The growing emphasis on climate change and interest in other environmental concerns are leading companies to create more sustainable products – and to overtly market a growing number of products as sustainable. However, brand managers have historically been very reluctant to do either one, feeling that, while consumers may say they will buy sustainable when asked, they don’t actually follow that behavior when shopping.

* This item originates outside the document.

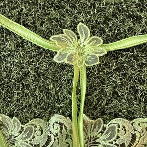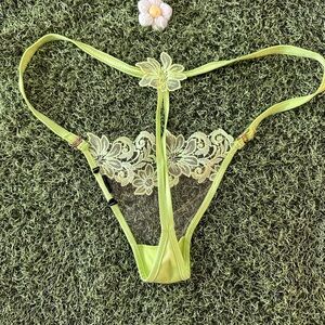 Honey Birdette Amelie Floral Thong. Lime green sheer thong with delicate floral lace design. Perfect for adding a touch of luxury to your intimate collection. Worn once for a photoshoot, tag cut off, added a photo of the receipt so you can see the size. In excellent condition. Size M

Sustainable products are outpacing those that aren’t sustainable in sales growth and market share.
Yes, They Will Buy
New evidence from New York University/Stern’s Center for Sustainable Business and published in a recent Harvard Business Review, however, indicated that products branded as sustainable are responsible for an increasing amount of growth. Half of the growth in consumer packaged goods (CPG) in the 2013-2018 period, for example, stemmed from products marketed as sustainable. In fact, products that literally noted their sustainability on the packaging accounted for a 16.6 percent market share last year, a small but steady rise from the 14.3 percent market share they registered in 2013. Sales of those products rose even more dramatically, 29 percent, between 2013 and 2018.
The increasing consumer acceptance – and its translation into actually purchasing decisions – wasn’t found solely in market share and sales. It was found in a more competitive picture for sustainable products versus products that were not marketed as sustainable. A popular sustainable living blog notes that sustainable products grew 5.6 times as fast as nonsustainable products. Even when the growth differential was not that high, 90 percent of CPG products that were sustainable grew faster than their nonsustainable counterparts.
The data seem to be clear; sustainable products are increasingly meeting with consumer favor. If it was mostly lip service in the past, that now appears to be in the rearview mirror.
Consumers are increasingly purchasing products marketed as sustainable.
What Companies Should Do
What does this mean for business strategy and business leadership in CPG companies? The authors are unequivocal. Consumers want sustainable products. Companies that don’t provide them are missing an increasingly large boat.
HBR cites PepsiCo and Unilever as two legacy companies that have increasingly developed and marketed sustainable products (or sustainable packaging for existing products). Unilever, for instance, has developed a group of “sustainable living” brands that are now responsible for 70 percent of its turnover growth. It has also pursued an acquisition strategy of purchasing brands seen as sustainable to a loyal customer base, such as Sundial Brands, Seventh Generation, and Pukka Herbs.
Kraft Heinz, on the other hand, has pursued a very different business strategy. Kraft and Heinz merged four years ago, and one of the architects of the move, 3G, is known for its emphasis on cost-cutting. The merger also emphasized the venerable consumer brands: ketchup, cheese, and hot dogs, among others. Kraft Heinz has also tried to buy Unilever.
Kraft Heinz missed its own earnings per share targets, and the company is underperforming. Lack of sustainability is only one part of this story, of course, but it does indicate that companies with legacy brands need to take much stronger notice of the move to sustainability not just as a concept but as active engagement in the kitchens and pantries of the U.S.